The summation(term, n) function from lecture adds up term(1) + ... + term(n) Write a similar product(n, term) function that returns term(1) * ... * term(n). Show how to define the factorial function in terms of product. Hint: try using the identity function for factorial.

def product(n, term):
    """Return the product of the first n terms in a sequence.

    n    -- a positive integer
    term -- a function that takes one argument

    >>> product(3, identity) # 1 * 2 * 3
    6
    >>> product(5, identity) # 1 * 2 * 3 * 4 * 5
    120
    >>> product(3, square)   # 1^2 * 2^2 * 3^2
    36
    >>> product(5, square)   # 1^2 * 2^2 * 3^2 * 4^2 * 5^2
    14400
    """
    "*** YOUR CODE HERE ***"

def factorial(n):
    """Return n factorial for n >= 0 by calling product.

    >>> factorial(4)
    24
    >>> factorial(6)
    720
    >>> from construct_check import check
    >>> check(HW_SOURCE_FILE, 'factorial', ['Recursion', 'For', 'While'])
    True
    """
    "*** YOUR CODE HERE ***"
    return _______

Use OK to test your code:

python3 ok -q product
python3 ok -q factorial

Question 2: Accumulate

Show that both summation and product are instances of a more general function, called accumulate, with the following signature:

from operator import add, mul

def accumulate(combiner, base, n, term):
    """Return the result of combining the first N terms in a sequence.  The
    terms to be combined are TERM(1), TERM(2), ..., TERM(N).  COMBINER is a
    two-argument function.  Treating COMBINER as if it were a binary operator,
    the return value is
        BASE COMBINER TERM(1) COMBINER TERM(2) ... COMBINER TERM(N)

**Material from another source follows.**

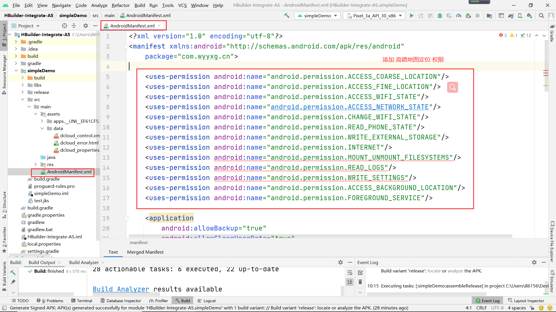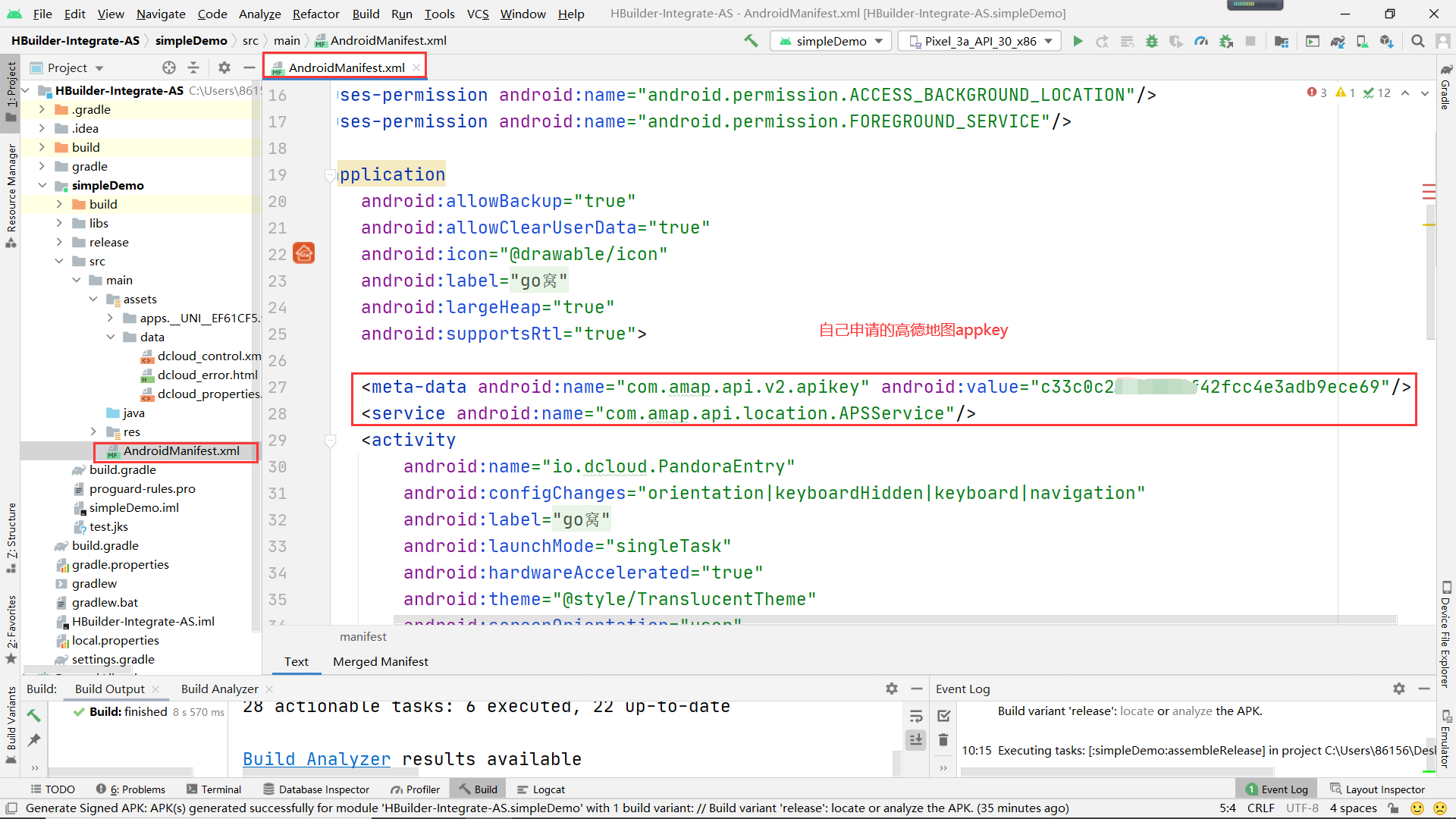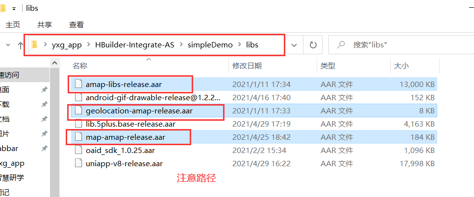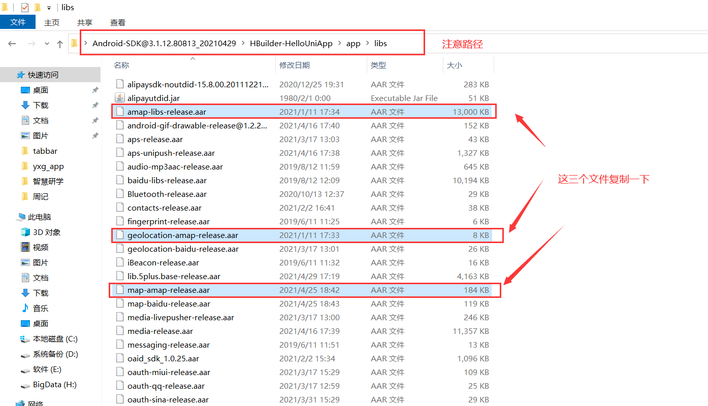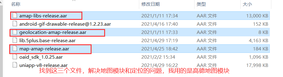 出现上面两张图的,是因为地图模块没有添加!需要找到一开始 解压到桌面的SDK 文件夹 Android-SDK,找到需要的文件复制进去,比如我的地图模块,离线打包官方高德地图定位文档

    >>> accumulate(add, 0, 5, identity)  # 0 + 1 + 2 + 3 + 4 + 5
    15
    >>> accumulate(add, 11, 5, identity) # 11 + 1 + 2 + 3 + 4 + 5
    26
    >>> accumulate(add, 11, 0, identity) # 11
    11
    >>> accumulate(add, 11, 3, square)   # 11 + 1^2 + 2^2 + 3^2
    25
    >>> accumulate(mul, 2, 3, square)   # 2 * 1^2 * 2^2 * 3^2
    72
    """
    "*** YOUR CODE HERE ***"

accumulate(combiner, base, n, term) takes the following arguments:

  • term and n: the same arguments as in summation and product
  • combiner: a two-argument function that specifies how the current term combined with the previously accumulated terms.
  • base: value that specifies what value to use to start the accumulation.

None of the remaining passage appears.